Central limit theorems for random permanents with correlation structure (Q5960454)

Central limit theorems of random \(m\times n\) matrices of i.i.d. columns with a common intercomponent correlation as \(n-m\to\infty\) are derived. Problems of this kind of permanents of one-dimensional projection matrices and some related themes have been studied by many authors, e.g. \textit{G. J. Szekely} [Z. Wahrscheinlichkeitstheorie Verw. Geb. 59, 355-359 (1982; Zbl 0468.60029)], \textit{A. J. van Es} and \textit{R. Helmers} [Probab. Theory Relat. Fields 80, No. 1, 21-35 (1988; Zbl 0638.60028)], \textit{Yu. V. Borovskikh} and \textit{V. S. Korolyuk} [Acta Appl.
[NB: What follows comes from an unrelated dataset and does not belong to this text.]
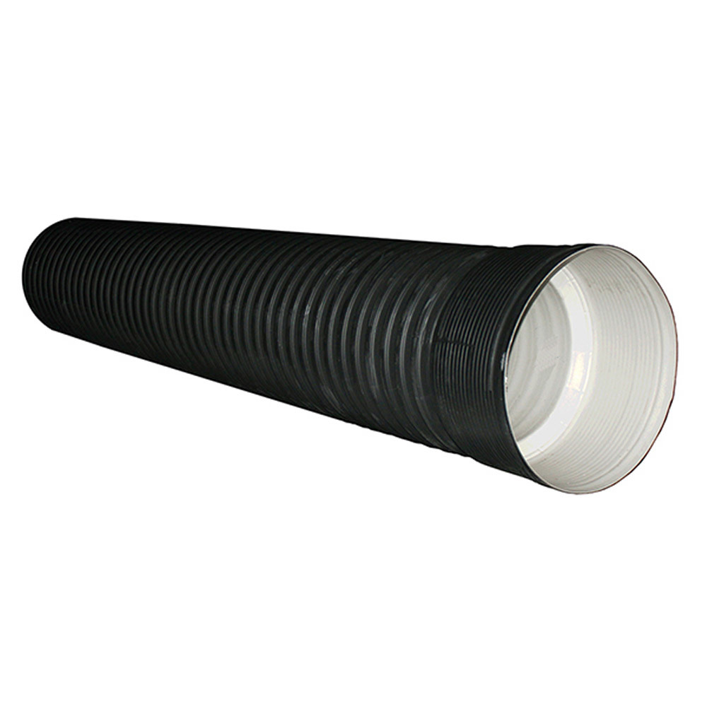 Труба имеет двуслойную структурированную стенку. Наружный слой — гофрированный, черного цвета, внутренний слой — гладкий, белого цвета.

Math. 36, No. 3, 227-288 (1994; Zbl 0813.60025), in: Probability theory and mathematical statistics, 176-187 (1992) and Ukr. Math. J. 47, No. 7, 1058-1064 (1995); translation from Ukr. Mat. Zh. 47, No. 7, 922-927 (1995; Zbl 0941.60047)], \textit{E. Yu. Kaneva} [ibid. 47, No. 7, 1148-1151 (1995), resp. ibid. 47, No. 7, 1002-1005 (1995; Zbl 0946.60022)], \textit{E. Yu. Kaneva} and \textit{V. S. Korolyuk} [ibid. 48, No. 1, 48-55 (1996), resp. ibid. 48, No. 1, 44-49 (1996; Zbl 0948.60016)] and \textit{G. J. Székely} and \textit{L. Szeidl} [in: Exploring stochastic laws, 443-455 (1995; Zbl 0968.60025)]. The new results are obtained by introducing a Heoffding-like orthogonal decomposition of a random permanent and deriving the variance formulae for a permanent with the homogeneous correlation structure. 13 references are given.